Penalized Cox Regression Models for High-Dimensional Survival Analysis: An Application to Breast Cancer Microarray Data
Abstract
Survival analysis provides a statistical framework for examining the relationship between time to event outcomes and explanatory variables. The Cox proportional hazards (Cox PH) model is widely used for this purpose, but its performance deteriorates in high-dimensional settings, where the number of predictors is large and strong collinearity is present. Penalized Cox regression methods have been developed to address these limitations by incorporating regularization into the estimation process. This study applies penalized Cox regression models to breast cancer microarray survival data obtained from the Gene Expression Omnibus dataset GSE20685, which contains gene expression measurements for 54,682 genes across 327 patients.
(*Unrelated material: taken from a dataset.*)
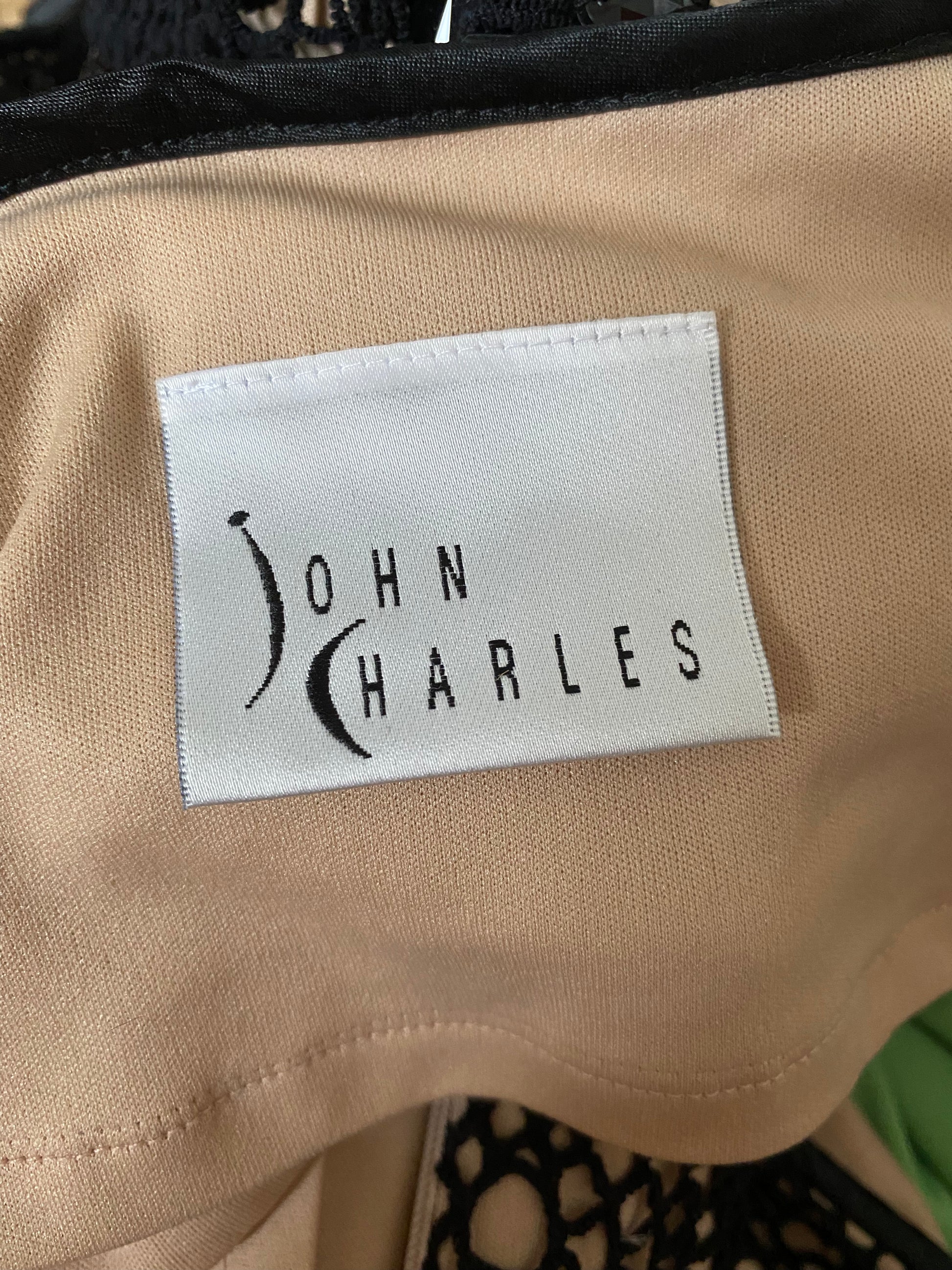 🌹Black net stretch evening dress with a tan stretch lining showing through, black gem detailing, a padded bust, cross over straps & a zip up the side UK 12🌹

The aim of this study is to fit and compare Ridge, LASSO, and Elastic Net Cox models with the classical Cox PH model. Model performance is evaluated using root mean square error (RMSE), with emphasis placed on test set results to assess predictive generalization. The results show that penalized Cox regression models consistently outperform the Cox PH model on the test set across all evaluated predictor dimensions. While the Cox PH model fails to produce reliable predictions when the number of predictors is large, the penalized models remain stable and effective. Among the penalized approaches, Ridge regression demonstrates the most robust performance in ultra-high-dimensional settings, whereas LASSO and Elastic Net provide competitive performance at lower and moderate dimensional levels through feature selection. These findings highlight the importance of regularization for survival modelling in high-dimensional genomic data and demonstrate that penalized Cox regression offers a more reliable alternative to the classical Cox PH model for microarray-based survival prediction.